- **WHAT THIS TASK INVOLVES**:
In the records below, find the line containing "Ja robievam také" and repeat it and every line after it exactly, without pictures.

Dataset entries
----------

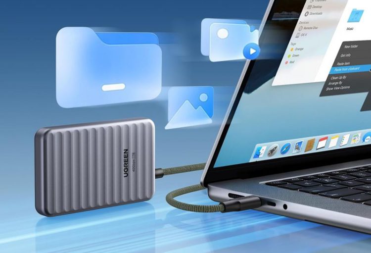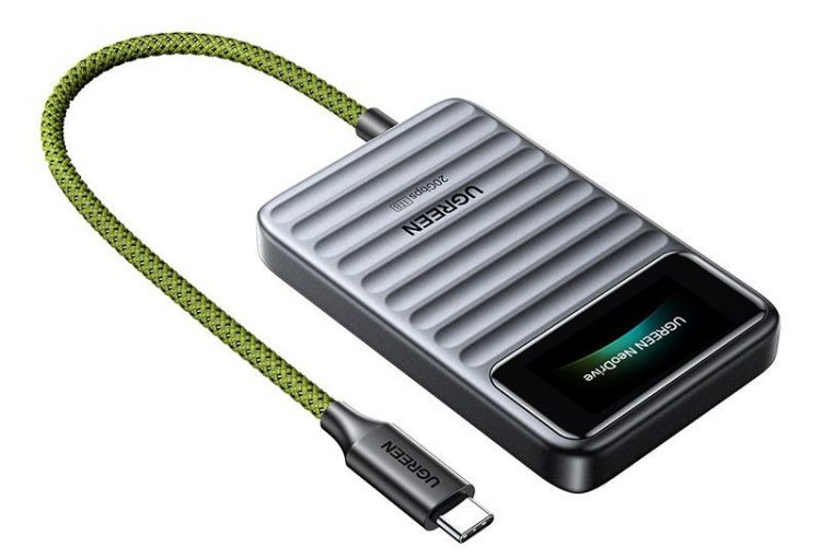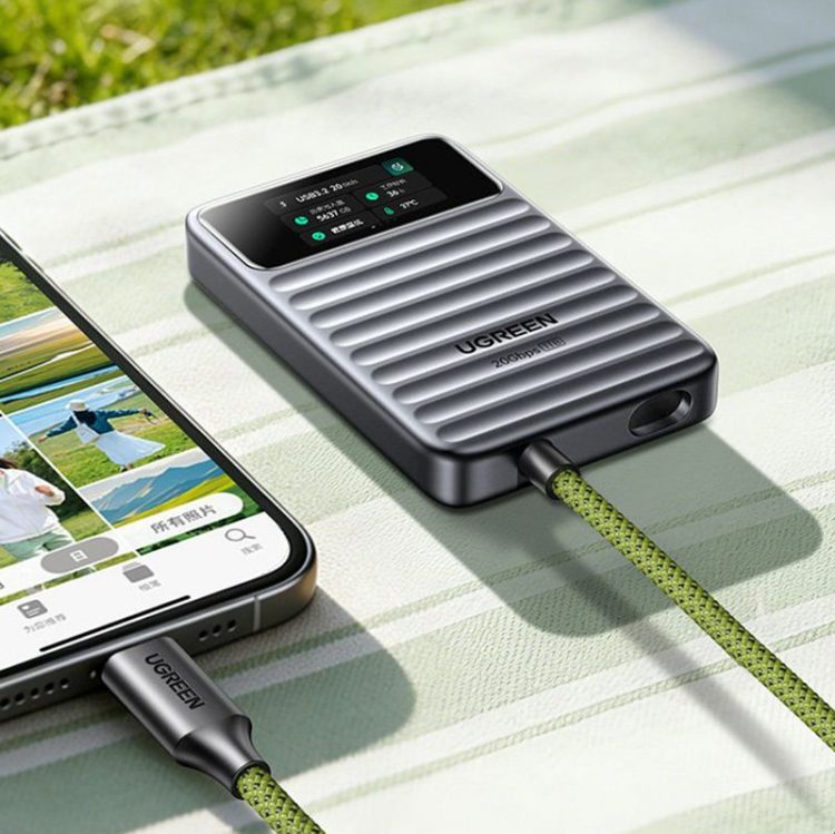 绿联 UGreen NeoDrive Go 系列移动固态硬盘自带数据线、显示屏,实时显示传输速度,用于移动存储,适合手机、笔记本电脑、数码相机使用。
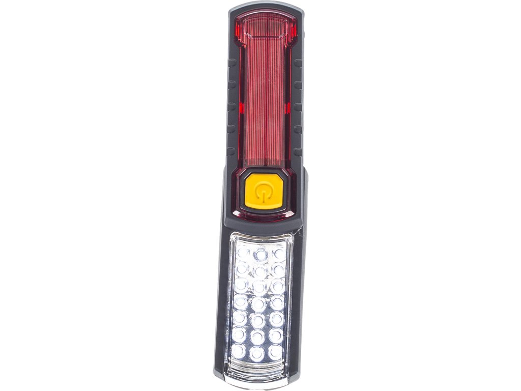 Drei Leuchtmodi: Dauerlicht, Blinklicht und mit rotem Filter, 3 LEDs (0,3 W), 21 LEDs (2 W), Magnethalter, Einspeisung 3 × AAA-Batterien, Maße 135 × 45 × 51 mm.
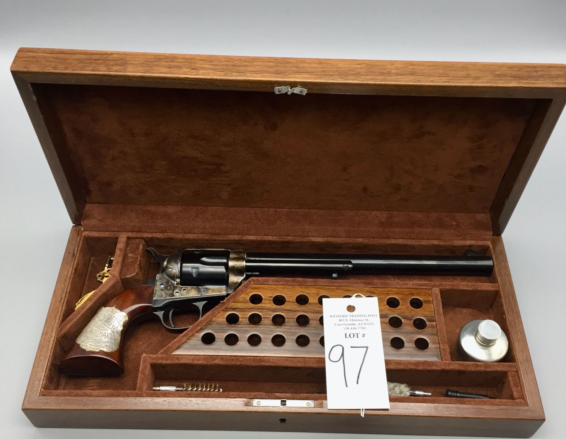 Firearms: Any person(s) bidding on firearms in our auction are required to be at least 18 years of age for long guns and 21 years of age for hand guns. Western Trading Post llc. is a licensed Federal Firearms Licensed (FFL) dealer. Any Bidders who desire to bid on and purchase any firearms in our auctions cannot have been convicted of a felony, have any restraining orders, or have any reason that they would not pass a NICS FFL background check. Western Trading Post llc. reserves the right to run a NICS FFL Background check on any purchaser of firearms. If the Bidder is a resident of the state of Arizona, they may pick up in person once cleared by the NICS FFL background check. Otherwise, firearms will be shipped to a Federal Firearm Licensed Dealer of your choosing nearest your residence. The Buyer agrees to pay for any and all shipping/handling/fees/etc. necessary for the shipping and transfer of firearms. Antique firearms and black powder replicas which are exempted from NICS FFL background checks can be transferred directly to the purchaser (where not prohibited).
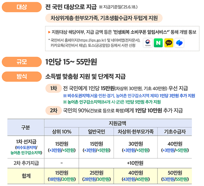 - 지급 대상: 2025년 6월 18일 기준 국내 거주 중인 전 국민
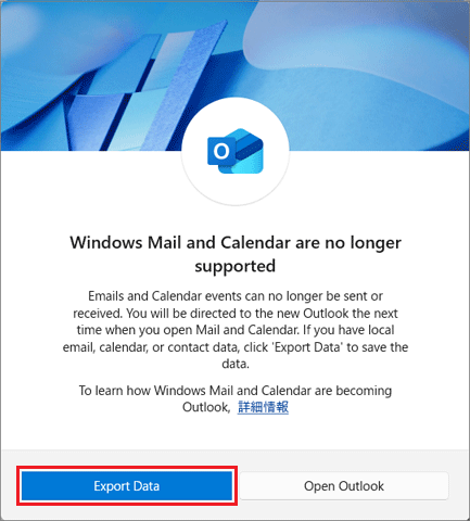 - 「Windows Mail and Calendar are no longer supported」の「Export Data」ボタンをクリックします。
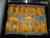 Ja robievam také pizza buchtičky, rozváľkané lístkové cesto rozdelím na 8 obdlžníkov, potriem kečupom, posypem oreganom, poukladám šunku alebo salámu, strúhaný syr, olivy, kukuricu (podľa chuti), zabalené to potriem vajíčkom a posypem sezamom a pečiem. ja to vždy robievam keď máme ísť niekam na výlet, tak na cestu.
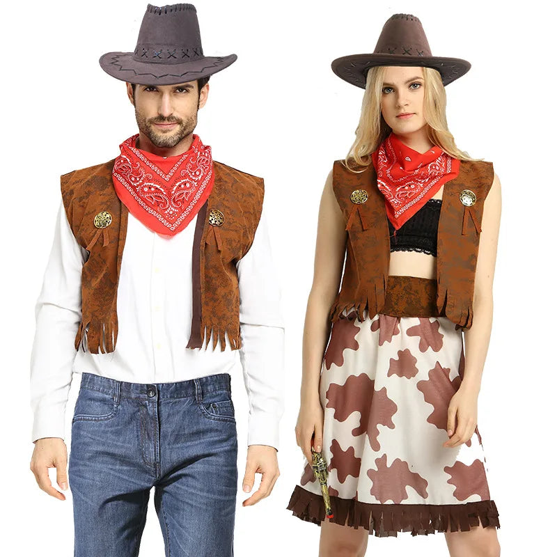 Halloween COS Costume Party Costume Denim Themed Dress Up Western Denim Suit Denim Vest Set
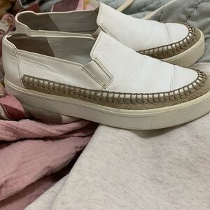 Stylish white slip-on espadrille sneakers with a comfortable fit. Soft footbed. Light scuffing on bottom and one blue mark. A fabulous pair
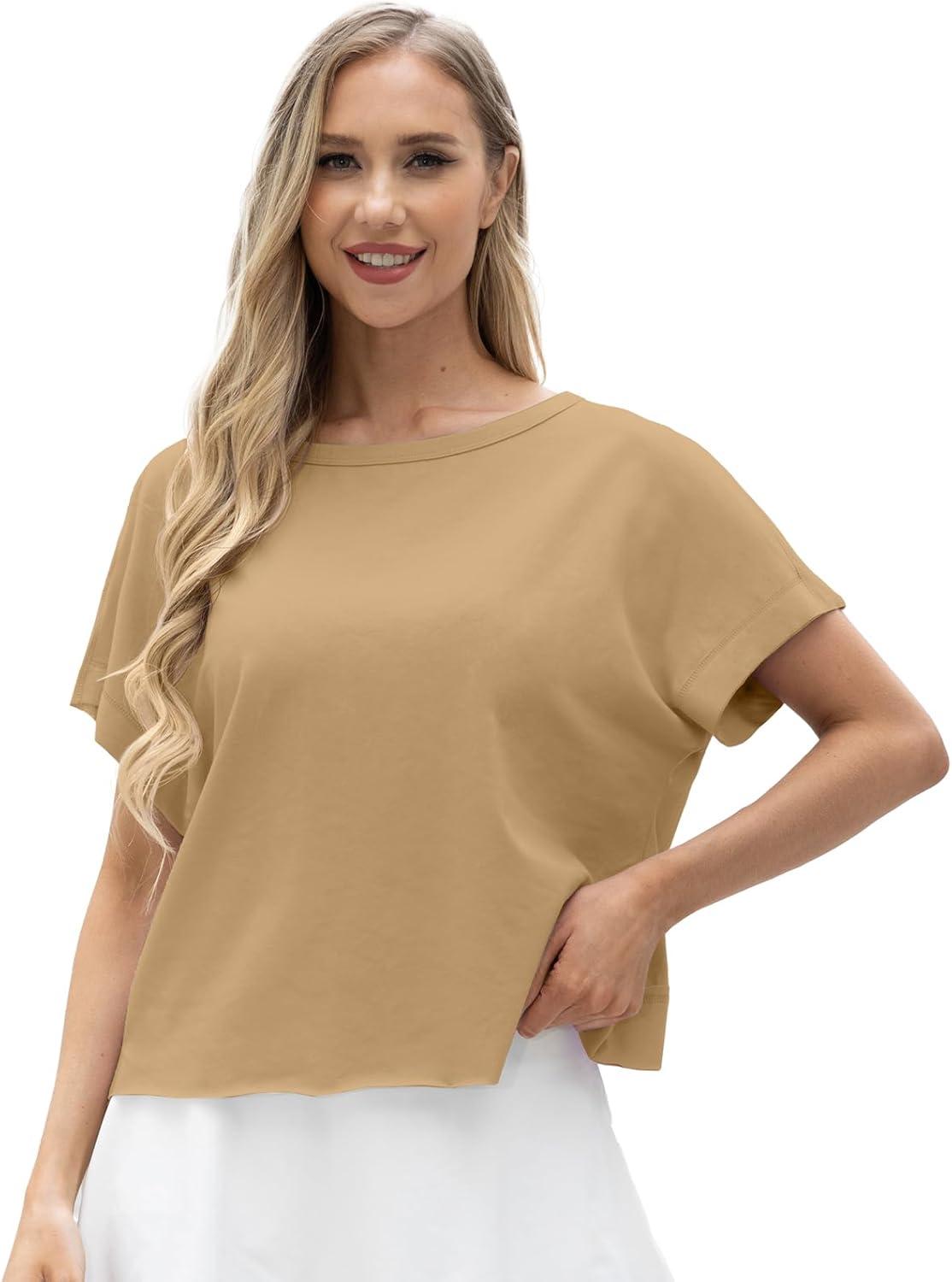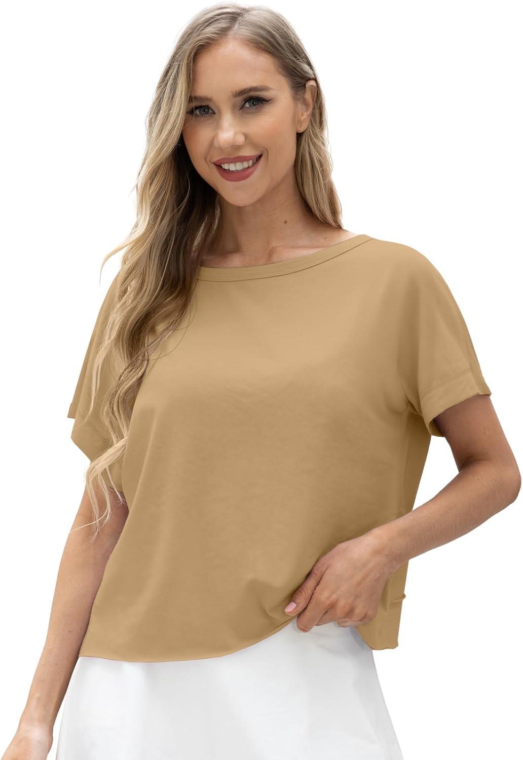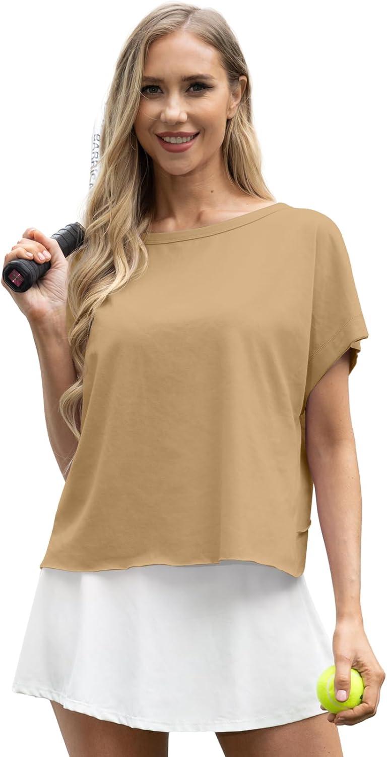 GRECERELLE Women’s Open Back Workout Tops Backless Athletic Shirts Casual Crop Running Tee Y2k Yoga(Khaki)

----------

- **ANSWER FOR THIS EXERCISE**:
 Ja robievam také pizza buchtičky, rozváľkané lístkové cesto rozdelím na 8 obdlžníkov, potriem kečupom, posypem oreganom, poukladám šunku alebo salámu, strúhaný syr, olivy, kukuricu (podľa chuti), zabalené to potriem vajíčkom a posypem sezamom a pečiem. ja to vždy robievam keď máme ísť niekam na výlet, tak na cestu.
 Halloween COS Costume Party Costume Denim Themed Dress Up Western Denim Suit Denim Vest Set
 Stylish white slip-on espadrille sneakers with a comfortable fit. Soft footbed. Light scuffing on bottom and one blue mark. A fabulous pair
 GRECERELLE Women’s Open Back Workout Tops Backless Athletic Shirts Casual Crop Running Tee Y2k Yoga(Khaki)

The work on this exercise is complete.